§ **Task prompt**: Below are some records. Write out the lines from the one containing "Fun coloring page" to the last line, word for word, leaving out pictures.

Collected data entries
○ ○ ○

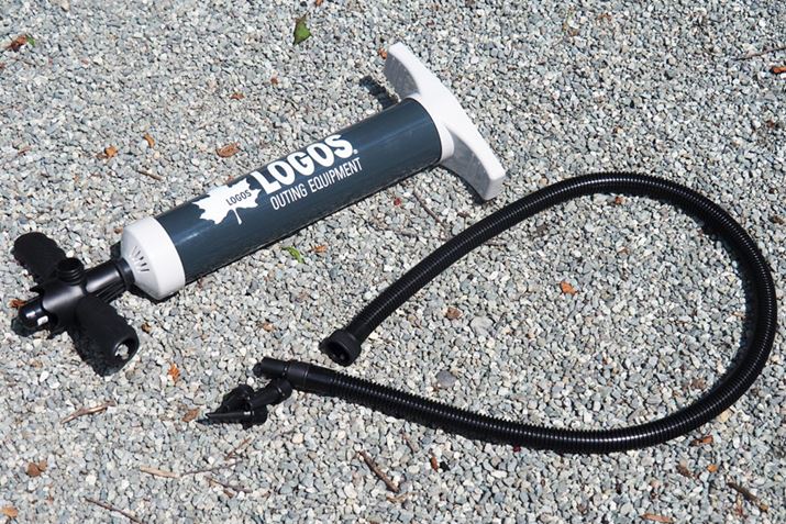一般的なテントの付属品と違い、空気を入れるためのポンプが同梱。写真ではポンプとホースが外れていますが、使用時には接続します
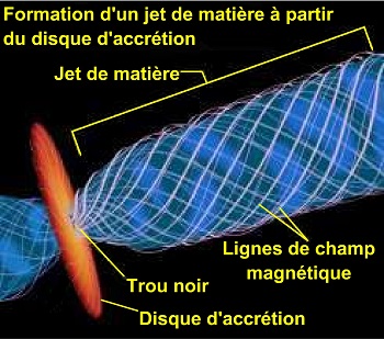 La chute de matière vers le trou noir est accompagnée d'émission intense de radiations, dont des rayons X. Le disque d'accrétion de la matière qui s'engouffre dans le trou noir est aussi à l'origine d'un champ magnétique intense qui lui est perpendiculaire. Si la quantité de matière ingurgitée par le trou noir est trop importante, un jet de particules est émis à haute vitesse le long de ces lignes de champ, donc perpendiculairement au disque d'accrétion.
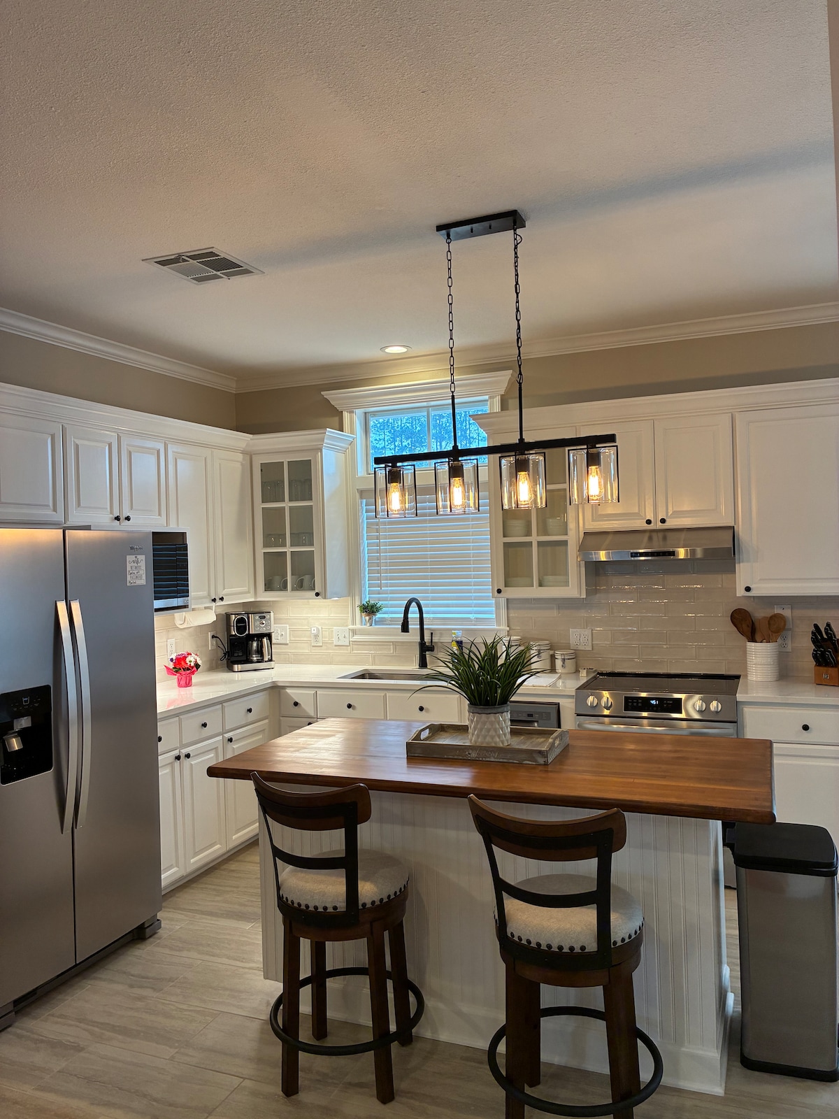Make yourself at home with this newly built family-friendly 3 bedroom Lake Charles Retreat. This welcoming home features 2 queen, 2 twin bed, an air mattress and 2 bathroom. Located just 3 miles from restaurants, fine dining, shopping, entertainment, live music and casinos. Guest can enjoy a comfortable open living room with an infinity table for the family to play games. Amenities are WiFi, AC, iron, and washing machines. No parties, no events, no smoking or vaping inside.
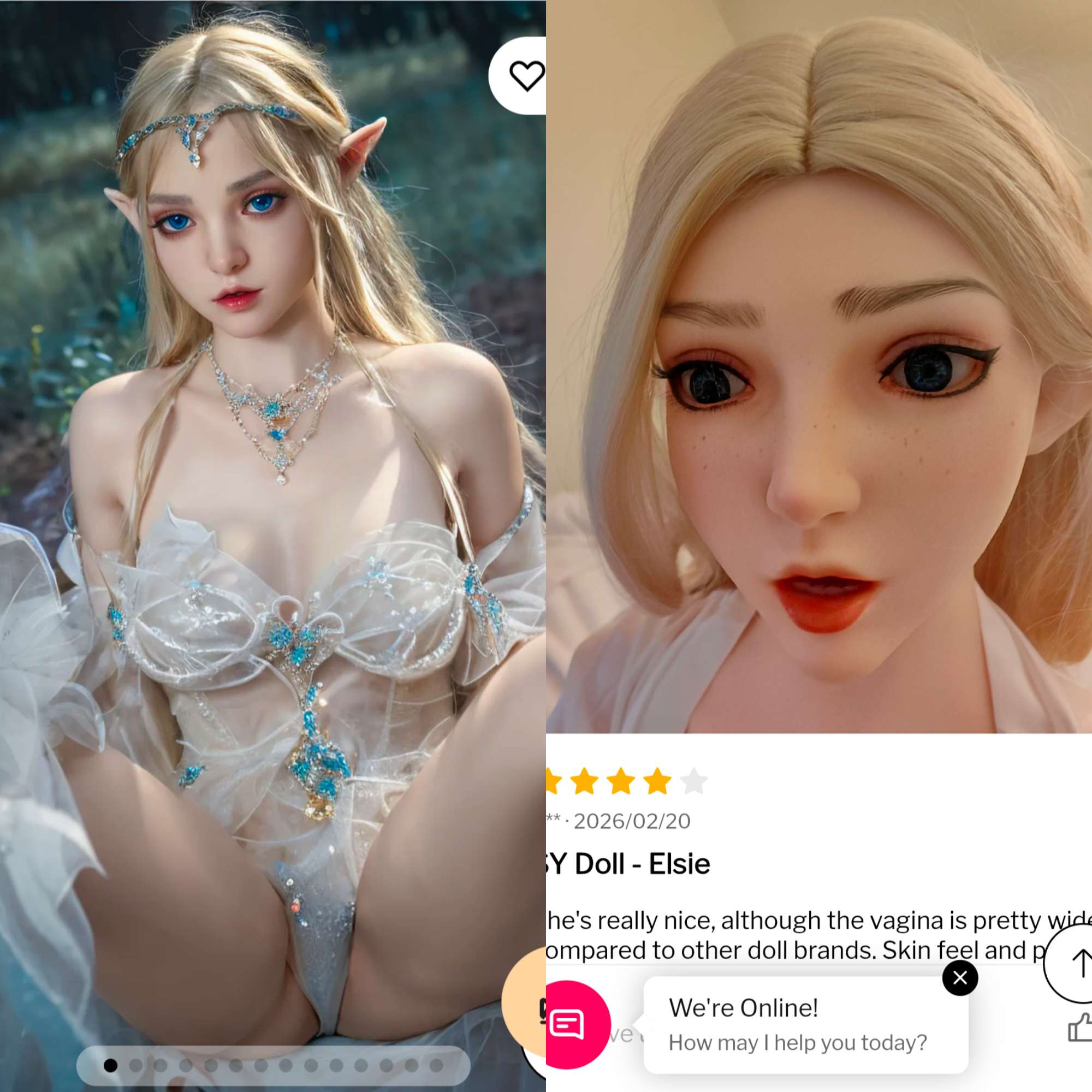>>50801728they look good because they're photoshopped to hell and back.Check out the store's promo photos vs the photos in the customer review:https://honeylovedoll.com/products/elsie-4ft-11-150cm-small-breast-elf-ros-silicone-head-doll
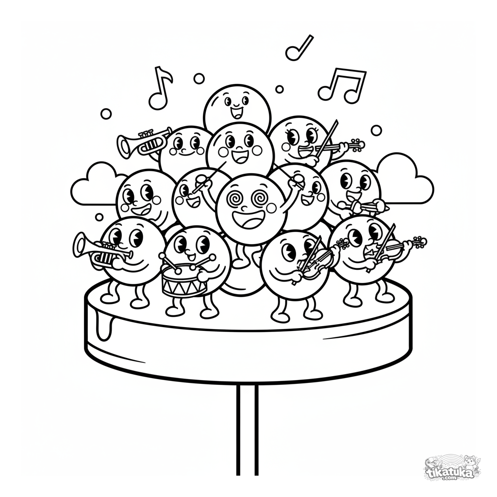 Fun coloring page for kids 4-6: a cluster microbe conducts an orchestra on a lollipop. A bright cartoon image in a 1930s retro style.
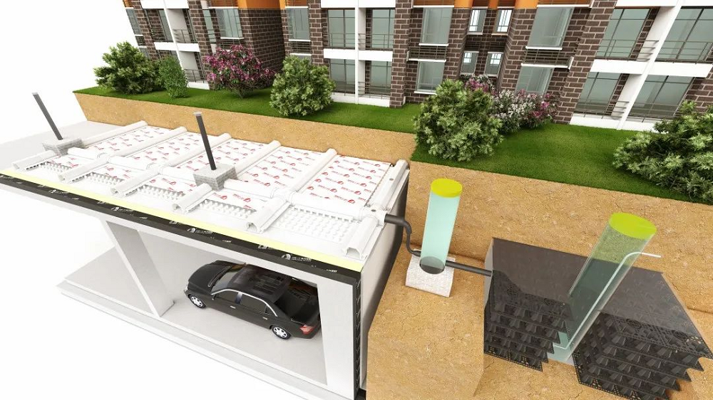 雨虹桃花源防排蓄水系統(tǒng),由虹吸復(fù)合排水板、水槽、透氣管、阻根模塊、虹吸管、觀察井、雨水模塊組成。該系統(tǒng)核心組件——虹吸復(fù)合排水板覆蓋在頂板之上,可直接覆蓋種植土壤。雨水通過土壤層、虹吸復(fù)合排水板的土工布層過濾,匯集至排水槽,再通過虹吸作用被抽入沉淀觀察井,實(shí)現(xiàn)防水、排水、雨水回收利用三重功能。
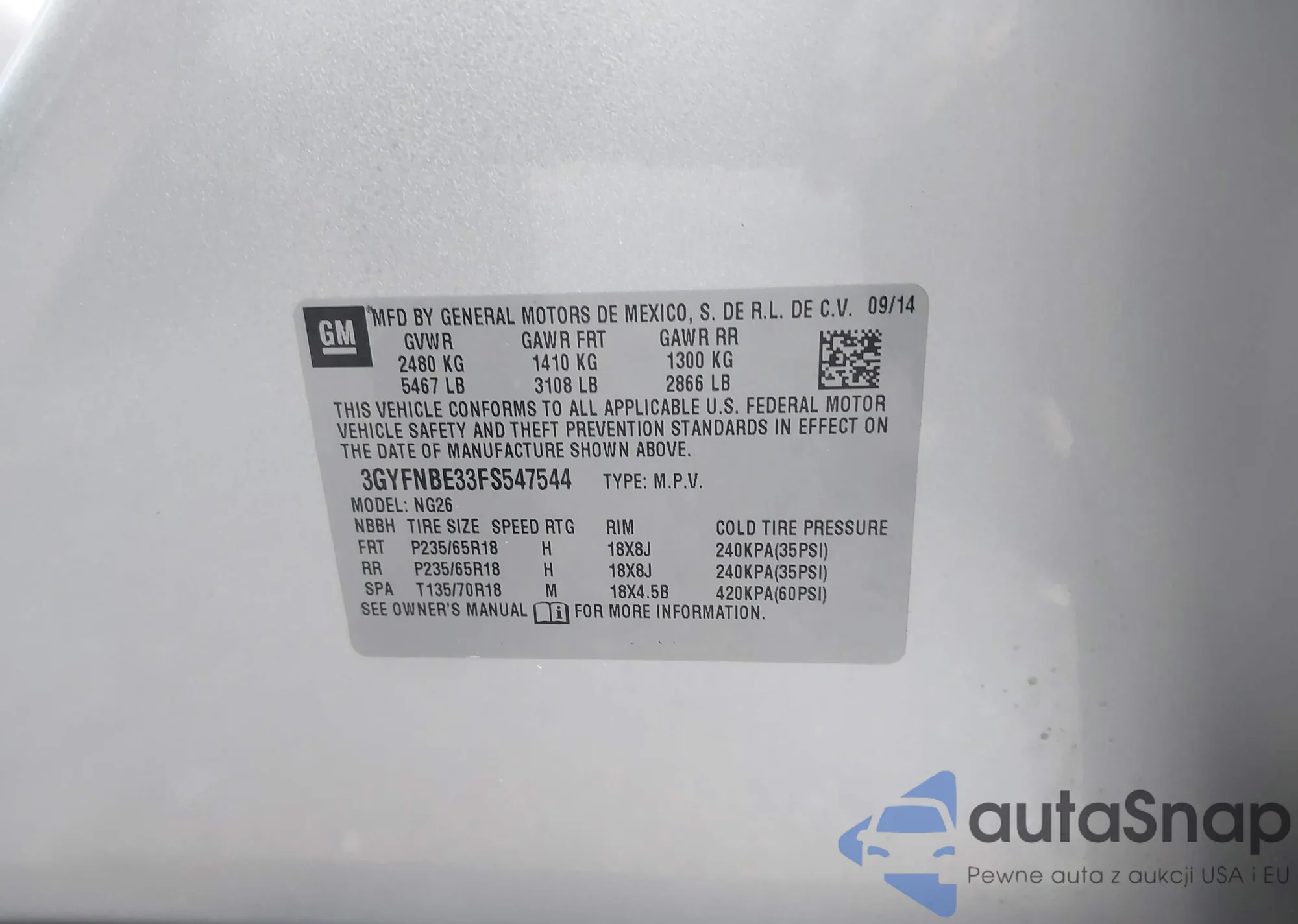 Samochód Cadillac SRX 2015 (VIN 3GYFNBE33FS547544) nie był wcześniej licytowany. Dokumenty są czyste, przebieg odpowiada lub jest niższy niż średnia rynku. Sprzedaje go firma ubezpieczeniowa – polecamy zakup. Dostawa do portu zajmie ok. 6–8 tygodni.
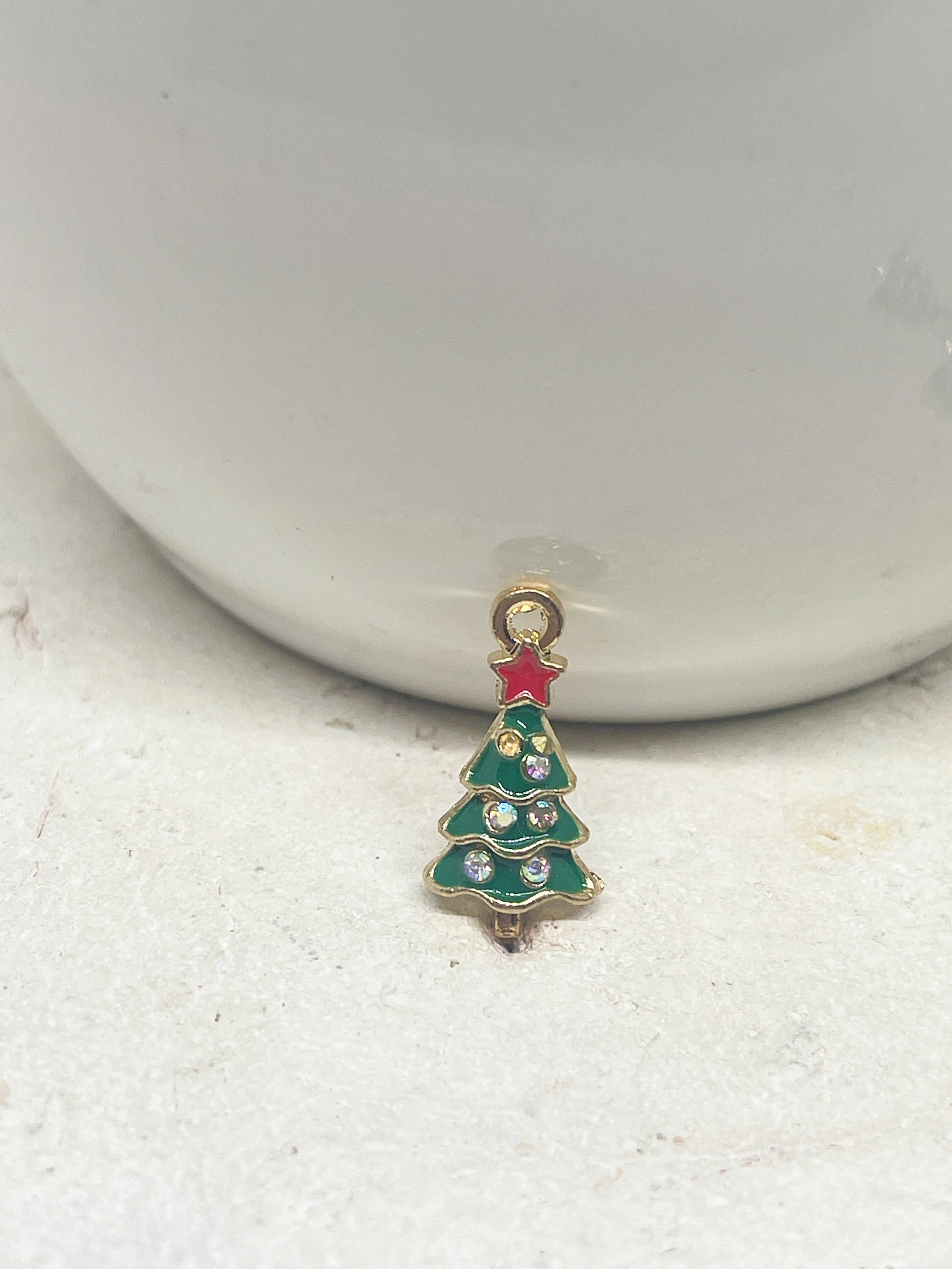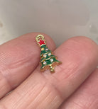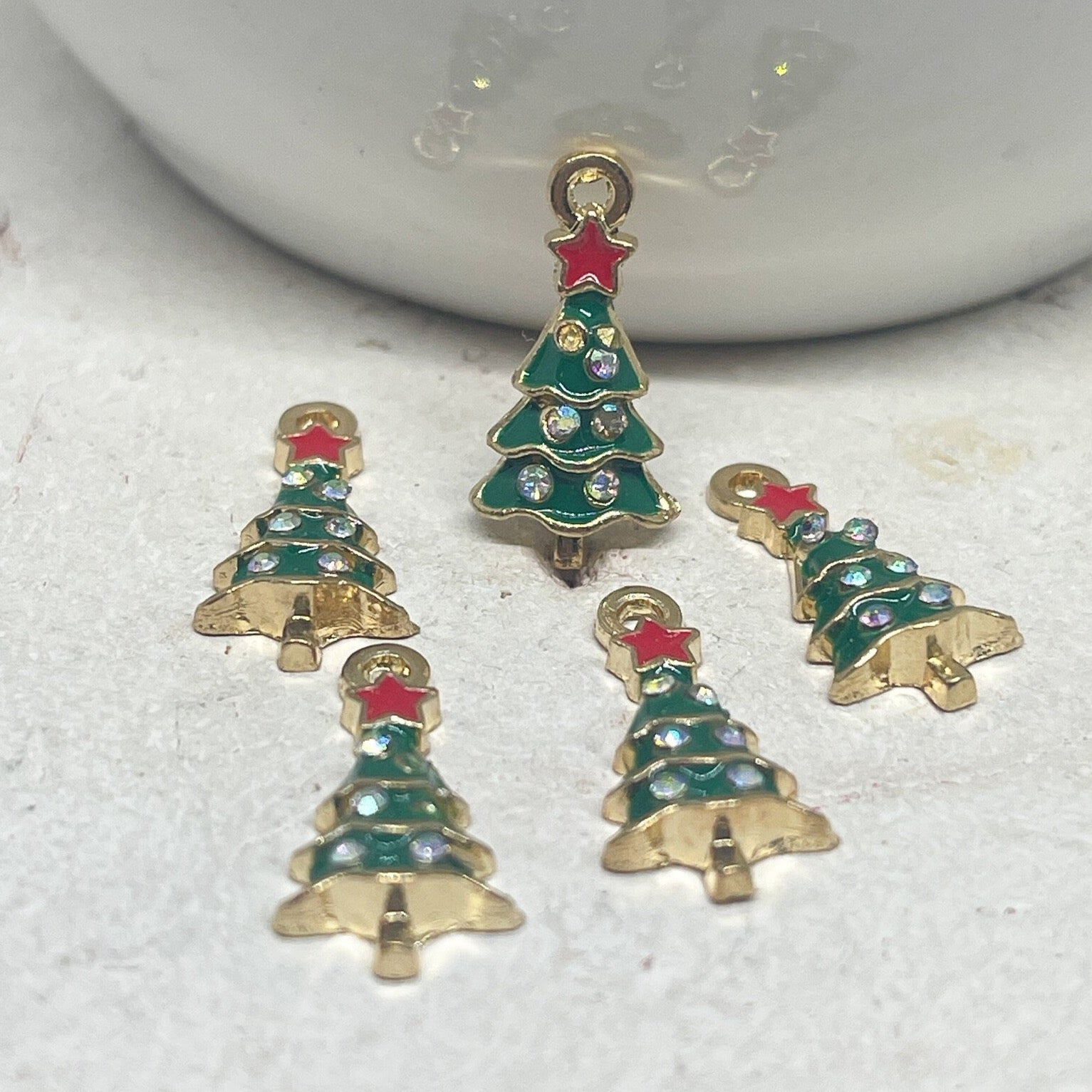 5 St. Weihnachtsanhänge Tannenbaum mit Strass Steinchen Emaille
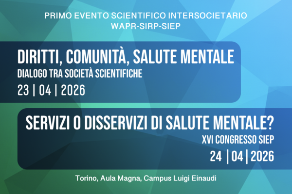 Venerdì 24 aprile 2026 i lavori proseguiranno con il XVI Congresso della SIEP (Società Italiana di Epidemiologia Psichiatrica) che, con un titolo provocatorio “Servizi o disservizi di Salute Mentale?” affronterà le sfide attuali con le quali si confrontano quotidianamente i Dipartimenti di Salute Mentale.
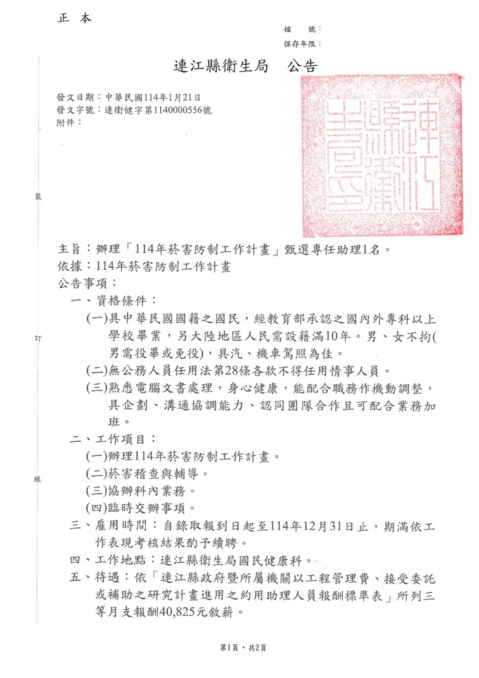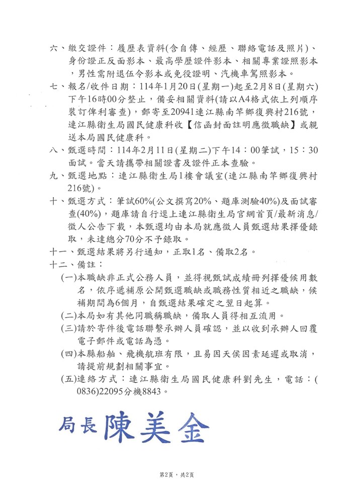 甄試:2月11日(二)下午14:00筆試、下午15:30面試(衛生局1樓會議室)
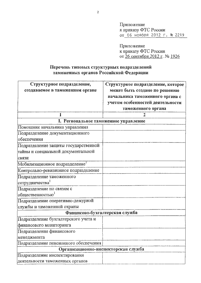 ПРИКАЗ ФТС РФ от 06.11.2012 N 2219
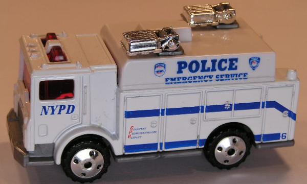 Body white, white roof, silver and gray roof fixtures, POLICE EMERGENCY SERVICE NYPD tampo

○ ○ ○

§ **Task solution**:
 Fun coloring page for kids 4-6: a cluster microbe conducts an orchestra on a lollipop. A bright cartoon image in a 1930s retro style.
 雨虹桃花源防排蓄水系統(tǒng),由虹吸復(fù)合排水板、水槽、透氣管、阻根模塊、虹吸管、觀察井、雨水模塊組成。該系統(tǒng)核心組件——虹吸復(fù)合排水板覆蓋在頂板之上,可直接覆蓋種植土壤。雨水通過土壤層、虹吸復(fù)合排水板的土工布層過濾,匯集至排水槽,再通過虹吸作用被抽入沉淀觀察井,實(shí)現(xiàn)防水、排水、雨水回收利用三重功能。
 Samochód Cadillac SRX 2015 (VIN 3GYFNBE33FS547544) nie był wcześniej licytowany. Dokumenty są czyste, przebieg odpowiada lub jest niższy niż średnia rynku. Sprzedaje go firma ubezpieczeniowa – polecamy zakup. Dostawa do portu zajmie ok. 6–8 tygodni.
 5 St. Weihnachtsanhänge Tannenbaum mit Strass Steinchen Emaille
 Venerdì 24 aprile 2026 i lavori proseguiranno con il XVI Congresso della SIEP (Società Italiana di Epidemiologia Psichiatrica) che, con un titolo provocatorio “Servizi o disservizi di Salute Mentale?” affronterà le sfide attuali con le quali si confrontano quotidianamente i Dipartimenti di Salute Mentale.
 甄試:2月11日(二)下午14:00筆試、下午15:30面試(衛生局1樓會議室)
 ПРИКАЗ ФТС РФ от 06.11.2012 N 2219
 Body white, white roof, silver and gray roof fixtures, POLICE EMERGENCY SERVICE NYPD tampo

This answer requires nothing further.